Step 11. Do various ways to deal with stress
Many people cannot sleep well because of stress disorders. If you experience this, try to relieve stress and relax, for example by:
- Practice yoga regularly.
- Do a relaxing hobby activity.
- Practice breathing.
- Coloring pictures in books or apps.
- Walk in the park.
- Soak in warm water.
- Read a book.
- Journal writing.
- Consult a therapist.
- Place the notebook beside the bed. If your mind is so restless that you can't sleep, write down everything that's bothering you.
- Don't imagine scary things, watch horror movies, or discuss big issues just before going to bed at night because you'll either stay awake or have nightmares.
- Reading a book before bed makes you sleepy so you fall asleep faster.

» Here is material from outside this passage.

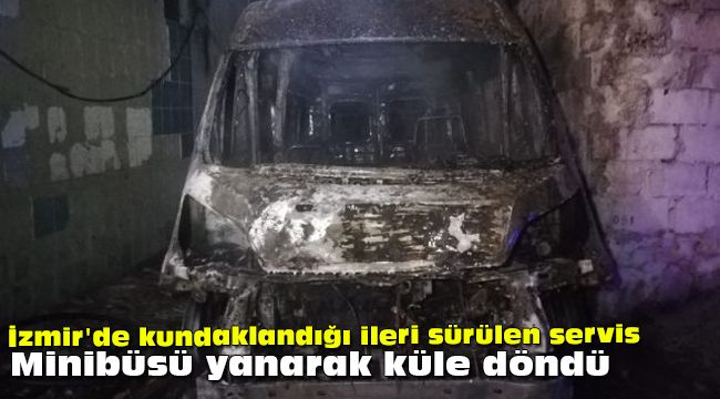 İzmir'in Konak ilçesinde, molotof kokteyli atılarak kundaklandığı ileri sürülen servis minibüsü yanarak küle döndü.

- Don't be tempted by thoughts that make you want to open your laptop in the middle of the night.
- Prepare a comfortable bedroom, not too hot, not too cold, and not too bright. Room conditions like this make you sleepy and fast asleep.
- Sleeping pills can be addictive. Look for other ways before taking sleeping pills.
- You may have a sleep disorder if your trouble sleeping is chronic. Explain your problem to your doctor.
- If you can't sleep, talk to your doctor to find out what's causing it.
- Make sure you have consulted with your doctor before taking supplements. Do not take more than 1 supplement at the same time to prevent side effects.